- Opening Delimiter -

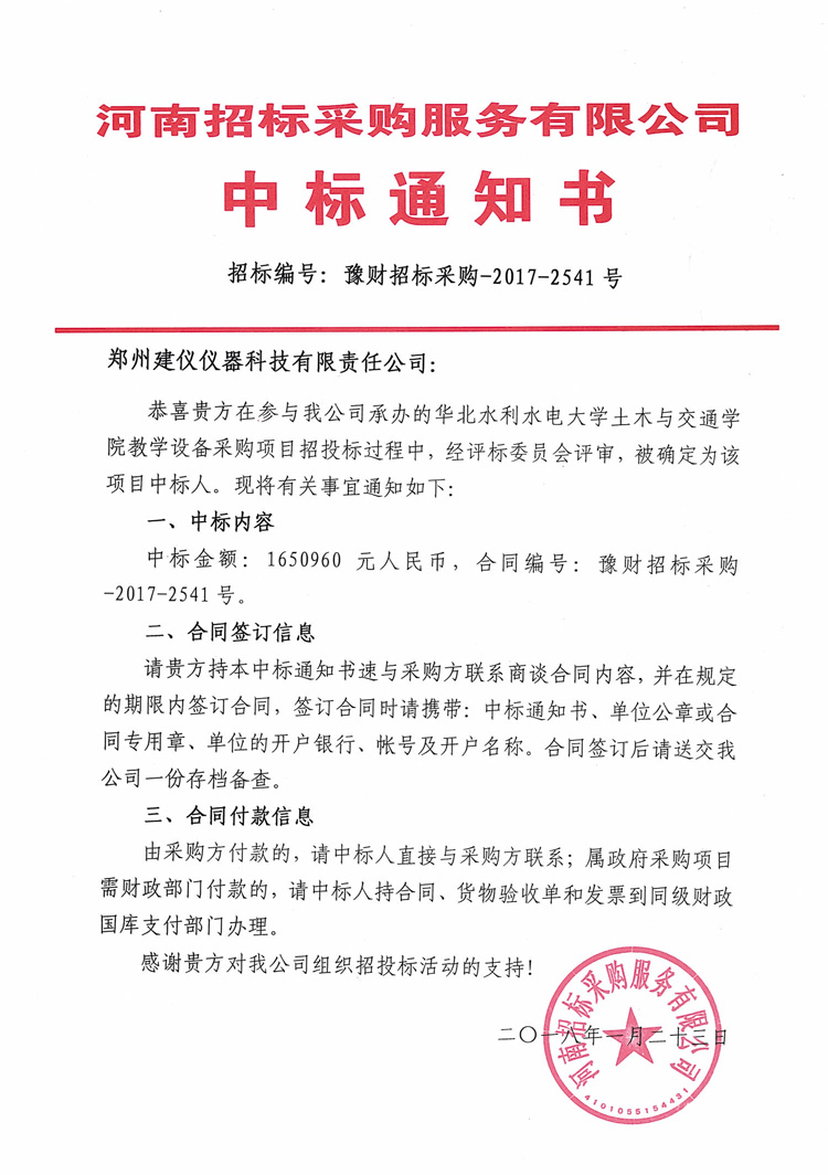 華北水利水電大學土木與交通學院豫財招標采購-2017-2541
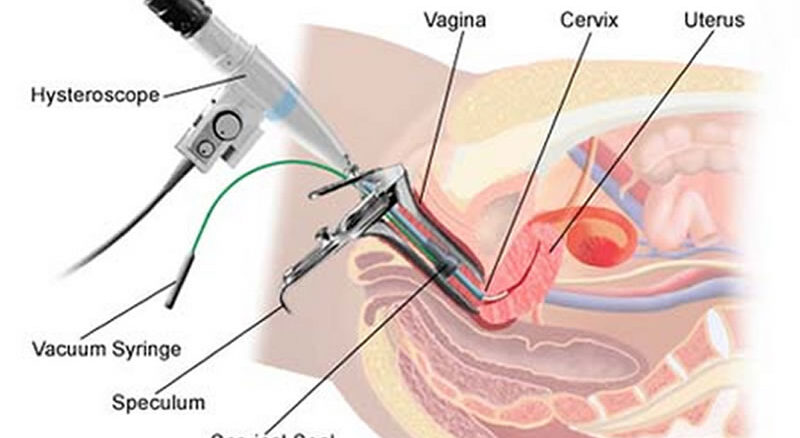 A hysteroscope will be inserted through the vagina and into the uterus and attached to a monitor to look at the lining of the uterus. Fluid [Normal saline] will be used to distend the cavity of the uterus so the walls can be visualized.
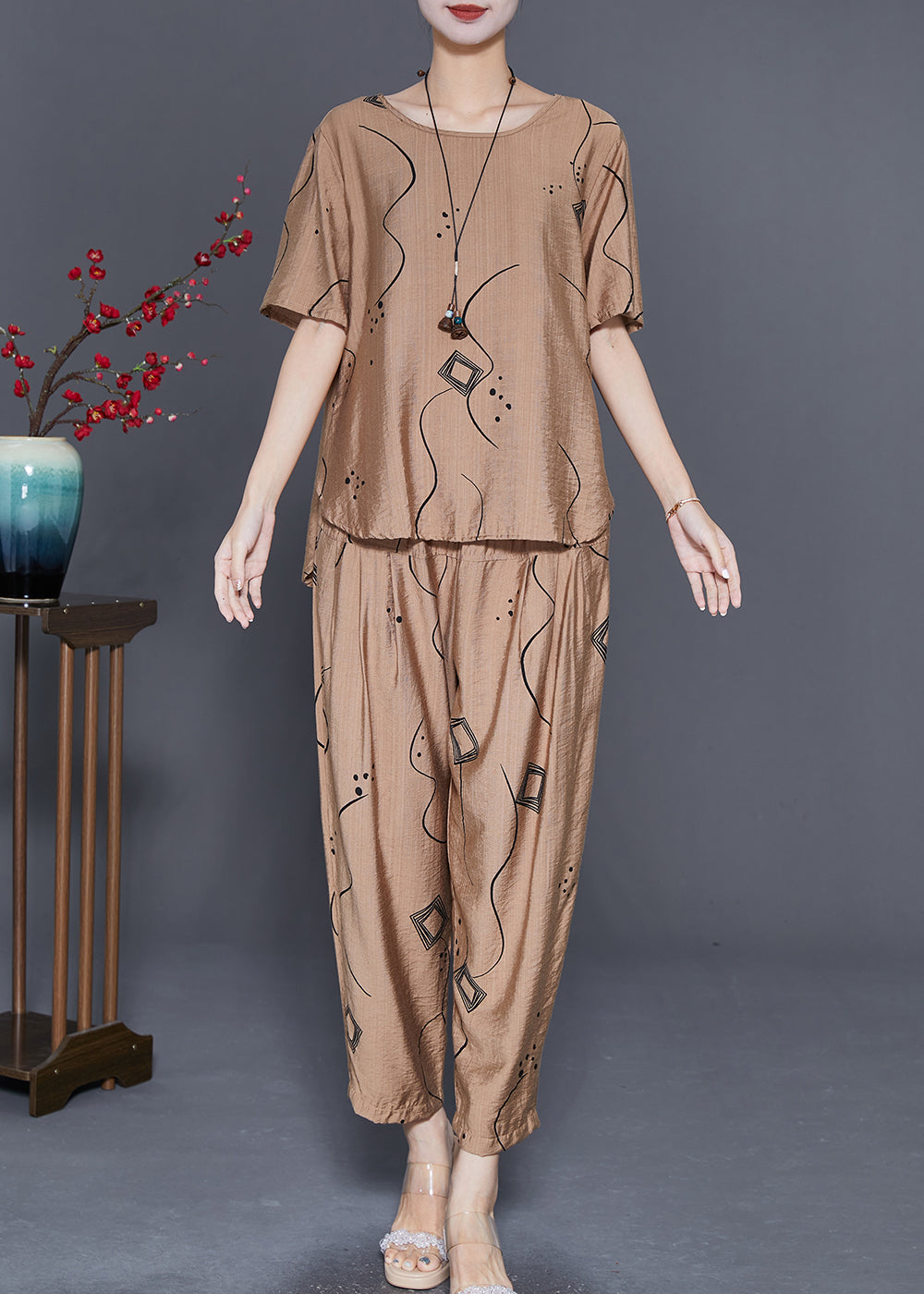 Khaki Print Linen Two Pieces Set Low High Design Summer
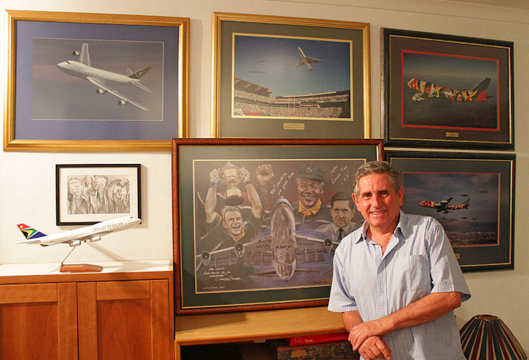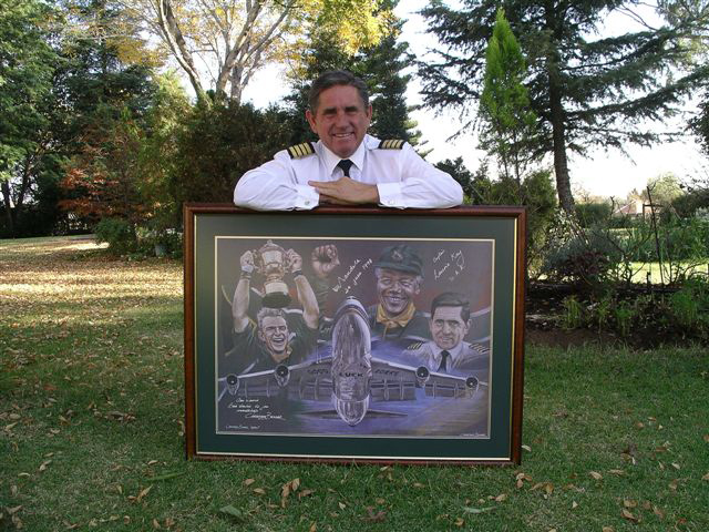 A painting of President Nelson Mandela, Laurie Kay Francois Pienaar and the Boeing 747 to was painted by Chrito Bekker to mark the occasion. The painting was signed by all except Francois Pienaar. Even the 747 made its mark by taxing over the bottom right corner with a paint splattered nose wheel. Laurie proudly displays a copy of this painting in his study at his Glen Austin home.

- Closing Delimiter -

# Problem description
Without the pictures, retype exactly the lines from the one that holds "Khaki Print Linen" to the last line of the data above, both of them included.

# Task response
 Khaki Print Linen Two Pieces Set Low High Design Summer
 A painting of President Nelson Mandela, Laurie Kay Francois Pienaar and the Boeing 747 to was painted by Chrito Bekker to mark the occasion. The painting was signed by all except Francois Pienaar. Even the 747 made its mark by taxing over the bottom right corner with a paint splattered nose wheel. Laurie proudly displays a copy of this painting in his study at his Glen Austin home.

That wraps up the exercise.